Before we get too far, it’s important to explain what I mean by wildcarding. The short answer is that we’re looking for the pattern of characters provided anywhere in the text being searched. In most cases, when we’re doing this searching, we’re doing it from the start of a word or words – because, in truth, our brains work this way; but occasionally there are times when it might make sense to search for the characters beginning anywhere in a word. Algorithmically, this is a more difficult challenge to solve. As a result, most search engines support wildcarding only front-to-back instead of anywhere in a string.
To understand the algorithmic problem, it’s helpful to view a simplified view of what SQL has to do to solve the wildcarding problem in a single field.
SQL has supported both forward and backwards wildcarding through the LIKE keyword for some time, so it’s common to assume it should “just work” in search as well. However, some sorts of wildcard operations in SQL are very operationally expensive. Let’s assume we’ve got a database table named Books and it has a field named Title. If I don’t have any indexes on the Title field and I use Title in the WHERE clause of the SQL statement, SQL will perform a full table scan of the table. Operationally, doing full table scans are expensive, and we work hard to prevent them in SQL. We do this by adding indexes.

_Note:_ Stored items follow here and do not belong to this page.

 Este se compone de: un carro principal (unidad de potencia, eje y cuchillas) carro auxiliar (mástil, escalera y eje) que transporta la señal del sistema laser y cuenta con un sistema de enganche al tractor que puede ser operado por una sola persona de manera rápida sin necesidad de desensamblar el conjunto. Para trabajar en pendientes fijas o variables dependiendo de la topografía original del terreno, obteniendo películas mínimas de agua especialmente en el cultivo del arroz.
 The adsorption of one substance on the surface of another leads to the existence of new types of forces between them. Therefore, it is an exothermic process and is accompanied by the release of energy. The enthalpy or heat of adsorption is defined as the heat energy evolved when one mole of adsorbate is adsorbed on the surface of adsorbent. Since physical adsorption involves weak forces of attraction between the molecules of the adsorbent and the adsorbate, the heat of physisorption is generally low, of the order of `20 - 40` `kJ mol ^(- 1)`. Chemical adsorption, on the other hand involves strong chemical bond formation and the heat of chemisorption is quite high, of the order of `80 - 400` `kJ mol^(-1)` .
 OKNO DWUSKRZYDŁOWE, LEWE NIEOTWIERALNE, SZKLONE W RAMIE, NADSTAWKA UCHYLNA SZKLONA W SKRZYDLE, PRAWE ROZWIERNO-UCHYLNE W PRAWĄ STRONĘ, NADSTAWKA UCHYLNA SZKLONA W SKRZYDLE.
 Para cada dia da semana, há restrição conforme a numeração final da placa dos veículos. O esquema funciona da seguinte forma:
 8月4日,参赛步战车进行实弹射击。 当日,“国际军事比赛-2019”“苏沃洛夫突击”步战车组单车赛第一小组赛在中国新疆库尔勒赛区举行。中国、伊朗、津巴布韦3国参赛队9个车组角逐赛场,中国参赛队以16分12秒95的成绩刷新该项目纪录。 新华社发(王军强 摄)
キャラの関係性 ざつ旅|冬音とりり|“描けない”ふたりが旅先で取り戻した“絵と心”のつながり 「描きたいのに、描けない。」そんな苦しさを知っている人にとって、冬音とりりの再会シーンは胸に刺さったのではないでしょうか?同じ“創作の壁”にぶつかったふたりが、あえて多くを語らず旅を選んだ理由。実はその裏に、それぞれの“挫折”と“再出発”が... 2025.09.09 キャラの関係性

If we add an index to the Title field, we get an ordered list of titles. With this information, if we’re searching for a specific title, we can start in the middle of the index and move forwards or backwards jumps (continuing to try to get quickly to the right place in the index) until we find the specific title we’re looking for. The index contains a row identifier in the main data table and we can read out the rest of the data we need from the main table quickly.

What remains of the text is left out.